# Cappi again (TMI sorry) and little long



## N2Mischief (Dec 3, 2012)

Sounds like your vet is really on it! Just a warning on the prednisone, her appetite will increase and so will her drinking and especially the peeing! They have to go ALL the time. If my Emilio goes on it he looses bladder control and will pee in his sleep. My mom's schnauzer was put on it and they didn't tell her and she pee'd every time she slept. I had my mom get piddle pads to put in the crate for her to sleep on, worked great.


----------



## twyla (Apr 28, 2010)

I have a pee pad down at all times in my room for the pup and old girls, Flower gets down in the middle of the night for a piddle. 

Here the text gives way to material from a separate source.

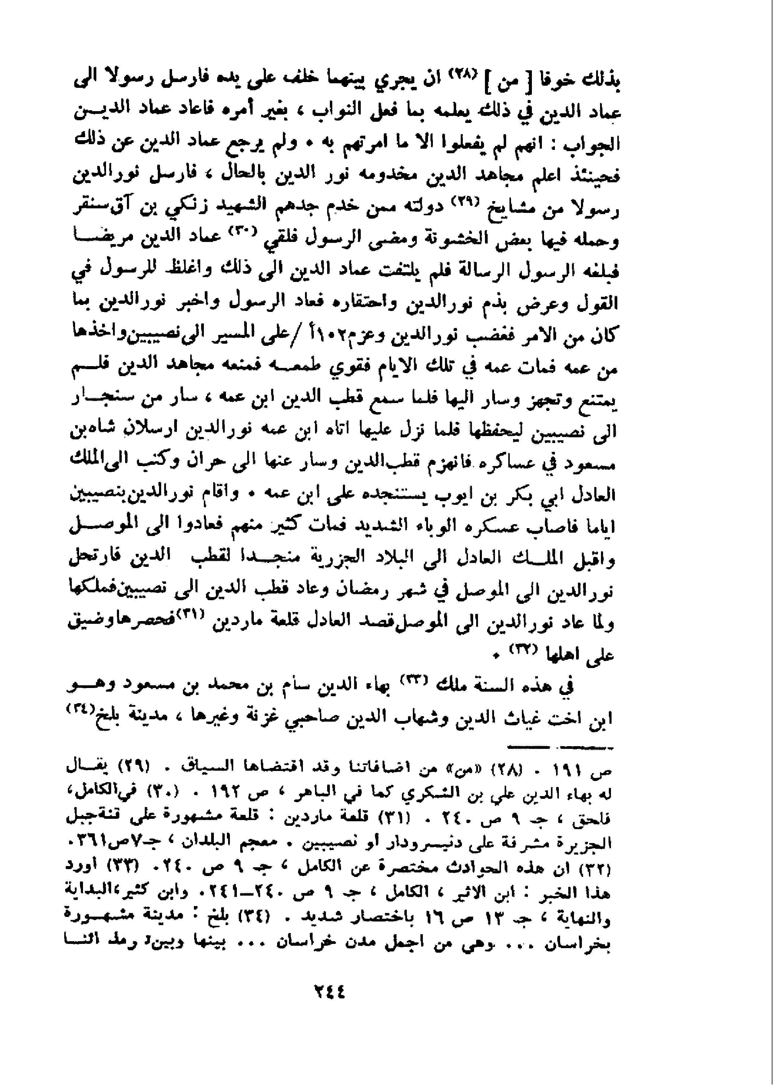 بذلك خوفا [من] 28 ان يجري بينهما خلف على يده فارسل رسولا الى عماد الدين في ذلك يعلمه بما فعل النواب، بغير أمره فاعاد عماد الدين الجواب: انهم لم يفعلوا الا ما امرتهم به. ولم يرجع عماد الدين عن ذلك فحينئذ اعلم مجاهد الدين مخدومه نور الدين بالحال، فارسل نور الدين رسولا من مشايخ 29 دولته ممن خدم جدهم الشهيد زنكي بن آق سنقر وحمله فيها بعض الخشونة ومضى الرسول فلقي 30 عماد الدين مريضا فبلغه الرسول الرسالة فلم يلتفت عماد الدين الى ذلك واغلظ للرسول في القول وعرض بذم نور الدين واحتقاره فعاد الرسول واخبر نور الدين بما كان من الامر فغضب نور الدين وعزم 102 أ/على المسير الى نصيبين واخذها من عمه فمات عمه في تلك الايام فقوي طمعه فمنعه مجاهد الدين فلم يمتنع وتجهز وسار اليها فلما سمع قطب الدين ابن عمه، سار من سنجار الى نصيبين ليحفظها فلما نزل عليها اتاه ابن عمه نور الدين ارسلان شاه بن مسعود في عساكره فانهزم قطب الدين وسار عنها الى حران وكتب الى الملك العادل ابي بكر بن ايوب يستنجده على ابن عمه. واقام نور الدين بنصيبين اياما فاصاب عسكره الوباء الشديد فمات كثير منهم فعادوا الى الموصل واقبل الملك العادل الى البلاد الجزرية منجدا لقطب الدين فارتحل نور الدين الى الموصل في شهر رمضان وعاد قطب الدين الى نصيبين فملكها ولما عاد نور الدين الى الموصل قصد العادل قلعة ماردين 31 فحصرها وضيق على اهلها 32.

Yeah I know about the increased thirst/ piddling etc, my vet also warned me about sodium retention from it as as well. I like my vet he listens to me, and then explains what going on with what pooch I have in.

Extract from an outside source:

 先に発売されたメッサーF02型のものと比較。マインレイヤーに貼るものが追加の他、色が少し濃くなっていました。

hopefully this will get her sorted out


----------



## poodlecrazy#1 (Jul 2, 2013)

Poor thing. I agree with N2 you vet is on top of things! Has he thought about testing thyroid due because of the hair loss?


----------



## twyla (Apr 28, 2010)

Yeah well the hair loss and increased drinking is what brought Cappi to the vet and he did a T4 as well, did a mess of blood work to eliminate all the big things six weeks ago when they figured she had either a kidney infection or diabetes insipidus (which can cause some hair loss). So the urine catch I bring in on Sat. will be checked for the protein in the urine. Cappi's original sample was too flushed out and didn't show anything.

Now it's a waiting game again


----------



## Suddenly (Aug 8, 2013)

Sure hope Cappi feels ok. Your being a great mom and their lucky to have you


----------



## MollyMuiMa (Oct 13, 2012)

So sorry the poor ol' girl is having such a bad time in her old age, but I can see just how much you love her by the good care and attention she is given! You are such a good poodle Mom!!!


----------



## Carolinek (Apr 2, 2014)

So sorry to hear. It's particularly hard when you don't have answers. 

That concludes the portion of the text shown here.